◆ **AIM OF THE TASK**
Could you please output only the lines from the one holding "Collier chaîne pendentif" through the end of the listing below, exactly as written and without pictures?

◆ **DATASET EXTRACT**
-*-*-
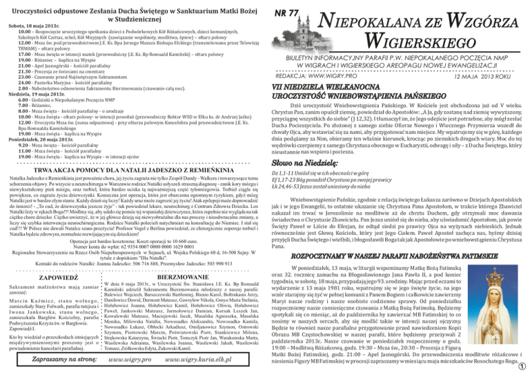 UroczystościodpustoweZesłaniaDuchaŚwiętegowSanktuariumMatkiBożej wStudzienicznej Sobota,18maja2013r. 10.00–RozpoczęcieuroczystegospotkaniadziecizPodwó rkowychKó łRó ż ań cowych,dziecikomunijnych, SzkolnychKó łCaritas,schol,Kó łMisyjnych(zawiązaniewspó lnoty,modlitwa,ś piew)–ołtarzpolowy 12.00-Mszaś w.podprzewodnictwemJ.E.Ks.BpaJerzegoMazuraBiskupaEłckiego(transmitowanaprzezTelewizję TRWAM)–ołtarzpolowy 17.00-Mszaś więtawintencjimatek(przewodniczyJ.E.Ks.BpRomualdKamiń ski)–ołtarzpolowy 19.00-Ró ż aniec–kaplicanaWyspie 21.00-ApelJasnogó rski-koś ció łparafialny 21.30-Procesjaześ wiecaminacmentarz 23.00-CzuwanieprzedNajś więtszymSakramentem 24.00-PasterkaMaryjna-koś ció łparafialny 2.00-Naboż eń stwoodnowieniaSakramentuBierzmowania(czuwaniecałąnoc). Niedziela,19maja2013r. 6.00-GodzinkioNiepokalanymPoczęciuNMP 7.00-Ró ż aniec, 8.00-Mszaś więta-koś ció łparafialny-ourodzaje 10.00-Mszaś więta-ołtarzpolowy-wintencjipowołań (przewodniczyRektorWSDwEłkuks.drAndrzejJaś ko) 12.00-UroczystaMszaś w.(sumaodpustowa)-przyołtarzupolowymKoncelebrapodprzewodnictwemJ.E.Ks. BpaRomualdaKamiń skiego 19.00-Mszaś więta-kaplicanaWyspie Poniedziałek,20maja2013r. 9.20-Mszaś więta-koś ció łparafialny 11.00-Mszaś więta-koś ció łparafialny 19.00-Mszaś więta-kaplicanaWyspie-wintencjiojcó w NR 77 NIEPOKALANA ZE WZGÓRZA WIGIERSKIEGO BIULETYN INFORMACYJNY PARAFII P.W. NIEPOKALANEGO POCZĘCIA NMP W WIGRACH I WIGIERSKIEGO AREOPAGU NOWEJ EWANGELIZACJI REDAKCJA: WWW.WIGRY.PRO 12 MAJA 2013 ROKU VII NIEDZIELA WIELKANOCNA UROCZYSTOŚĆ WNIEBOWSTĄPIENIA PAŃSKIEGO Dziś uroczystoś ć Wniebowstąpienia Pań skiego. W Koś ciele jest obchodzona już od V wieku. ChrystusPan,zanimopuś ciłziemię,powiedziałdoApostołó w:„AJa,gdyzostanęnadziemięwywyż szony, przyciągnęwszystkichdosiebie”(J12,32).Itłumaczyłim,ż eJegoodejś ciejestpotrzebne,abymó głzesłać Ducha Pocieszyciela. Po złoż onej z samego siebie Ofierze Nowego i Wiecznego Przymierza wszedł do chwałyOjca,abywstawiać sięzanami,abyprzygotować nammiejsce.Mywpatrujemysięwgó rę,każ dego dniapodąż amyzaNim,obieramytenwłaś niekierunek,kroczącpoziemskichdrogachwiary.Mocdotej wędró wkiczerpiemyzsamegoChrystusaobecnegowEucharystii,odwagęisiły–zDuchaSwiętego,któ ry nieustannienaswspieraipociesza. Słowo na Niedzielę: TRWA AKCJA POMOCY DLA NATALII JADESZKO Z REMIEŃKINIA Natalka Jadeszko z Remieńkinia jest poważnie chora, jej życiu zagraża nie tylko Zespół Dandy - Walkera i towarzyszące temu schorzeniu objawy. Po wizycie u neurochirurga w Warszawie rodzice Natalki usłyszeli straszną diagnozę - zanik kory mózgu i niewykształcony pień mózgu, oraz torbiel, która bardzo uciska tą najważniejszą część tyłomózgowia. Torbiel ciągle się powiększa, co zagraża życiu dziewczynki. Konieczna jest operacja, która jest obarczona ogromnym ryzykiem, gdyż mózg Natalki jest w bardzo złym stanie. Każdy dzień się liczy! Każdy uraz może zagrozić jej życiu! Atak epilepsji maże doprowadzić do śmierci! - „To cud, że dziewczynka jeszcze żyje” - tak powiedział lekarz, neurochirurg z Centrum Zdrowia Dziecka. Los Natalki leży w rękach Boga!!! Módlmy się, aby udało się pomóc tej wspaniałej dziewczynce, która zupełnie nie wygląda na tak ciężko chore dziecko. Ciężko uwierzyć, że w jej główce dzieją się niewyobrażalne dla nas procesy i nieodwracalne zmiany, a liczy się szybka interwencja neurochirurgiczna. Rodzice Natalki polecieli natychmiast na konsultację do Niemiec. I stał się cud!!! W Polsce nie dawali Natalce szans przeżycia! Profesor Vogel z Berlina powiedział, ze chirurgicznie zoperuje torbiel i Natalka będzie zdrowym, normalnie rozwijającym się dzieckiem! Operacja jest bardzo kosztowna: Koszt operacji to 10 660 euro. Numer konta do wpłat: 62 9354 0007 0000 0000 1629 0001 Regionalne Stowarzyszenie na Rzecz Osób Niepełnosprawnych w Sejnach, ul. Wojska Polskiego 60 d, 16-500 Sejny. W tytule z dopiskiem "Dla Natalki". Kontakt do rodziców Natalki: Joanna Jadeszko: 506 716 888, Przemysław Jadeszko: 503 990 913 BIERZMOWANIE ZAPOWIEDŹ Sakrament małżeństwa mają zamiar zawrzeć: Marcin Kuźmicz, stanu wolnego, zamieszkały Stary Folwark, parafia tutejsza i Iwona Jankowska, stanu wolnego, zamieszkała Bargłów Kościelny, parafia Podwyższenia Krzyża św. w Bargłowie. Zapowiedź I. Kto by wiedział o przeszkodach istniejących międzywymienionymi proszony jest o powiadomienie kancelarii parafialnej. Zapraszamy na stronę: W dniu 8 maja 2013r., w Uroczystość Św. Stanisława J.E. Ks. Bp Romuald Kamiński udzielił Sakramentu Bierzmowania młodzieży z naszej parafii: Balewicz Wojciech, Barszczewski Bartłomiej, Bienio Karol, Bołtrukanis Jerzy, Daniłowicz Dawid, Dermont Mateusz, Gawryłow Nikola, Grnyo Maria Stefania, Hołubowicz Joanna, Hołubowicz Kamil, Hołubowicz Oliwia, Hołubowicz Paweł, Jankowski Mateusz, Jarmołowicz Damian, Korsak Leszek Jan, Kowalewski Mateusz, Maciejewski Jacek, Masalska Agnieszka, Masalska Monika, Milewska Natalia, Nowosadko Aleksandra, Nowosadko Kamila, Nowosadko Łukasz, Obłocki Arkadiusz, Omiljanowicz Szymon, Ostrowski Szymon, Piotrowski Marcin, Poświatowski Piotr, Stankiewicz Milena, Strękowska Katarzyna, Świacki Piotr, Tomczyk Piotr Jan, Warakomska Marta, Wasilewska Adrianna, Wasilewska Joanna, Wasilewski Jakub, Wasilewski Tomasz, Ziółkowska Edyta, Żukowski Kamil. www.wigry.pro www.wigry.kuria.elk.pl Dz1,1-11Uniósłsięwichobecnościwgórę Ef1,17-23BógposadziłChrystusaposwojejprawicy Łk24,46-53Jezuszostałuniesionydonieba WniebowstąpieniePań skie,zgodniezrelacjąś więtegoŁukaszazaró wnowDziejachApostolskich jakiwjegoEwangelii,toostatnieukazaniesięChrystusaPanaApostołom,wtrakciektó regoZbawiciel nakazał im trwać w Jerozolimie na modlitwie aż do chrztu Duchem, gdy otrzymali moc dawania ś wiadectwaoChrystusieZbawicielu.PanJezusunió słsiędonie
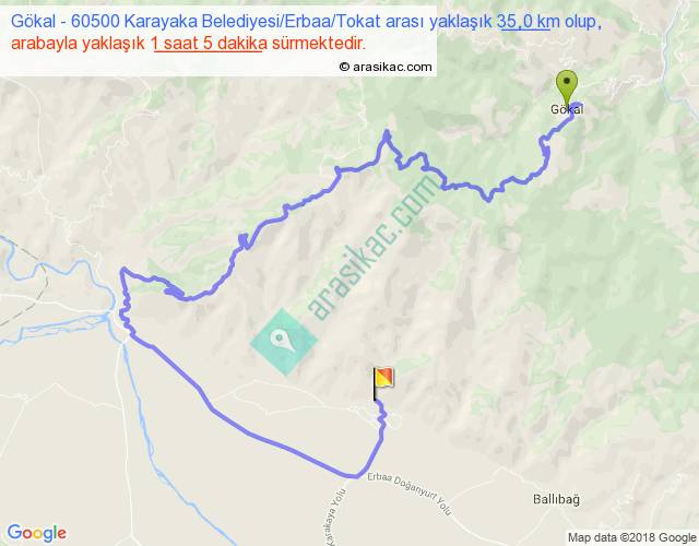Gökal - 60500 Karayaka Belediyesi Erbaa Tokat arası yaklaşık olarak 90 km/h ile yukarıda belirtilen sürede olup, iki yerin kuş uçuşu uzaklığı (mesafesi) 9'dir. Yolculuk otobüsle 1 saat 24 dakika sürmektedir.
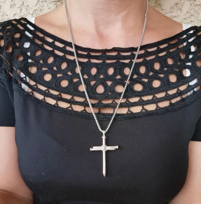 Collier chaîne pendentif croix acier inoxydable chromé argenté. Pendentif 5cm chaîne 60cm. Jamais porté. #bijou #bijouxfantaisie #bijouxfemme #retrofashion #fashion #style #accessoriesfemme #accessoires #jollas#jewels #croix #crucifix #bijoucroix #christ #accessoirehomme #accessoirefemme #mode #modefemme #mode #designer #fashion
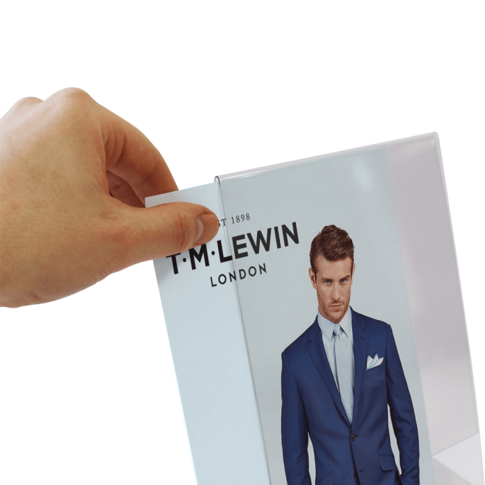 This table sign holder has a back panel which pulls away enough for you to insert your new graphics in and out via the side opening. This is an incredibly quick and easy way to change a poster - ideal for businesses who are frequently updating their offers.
-*-*-
◆ **WRITTEN RESPONSE**
 Collier chaîne pendentif croix acier inoxydable chromé argenté. Pendentif 5cm chaîne 60cm. Jamais porté. #bijou #bijouxfantaisie #bijouxfemme #retrofashion #fashion #style #accessoriesfemme #accessoires #jollas#jewels #croix #crucifix #bijoucroix #christ #accessoirehomme #accessoirefemme #mode #modefemme #mode #designer #fashion
 This table sign holder has a back panel which pulls away enough for you to insert your new graphics in and out via the side opening. This is an incredibly quick and easy way to change a poster - ideal for businesses who are frequently updating their offers.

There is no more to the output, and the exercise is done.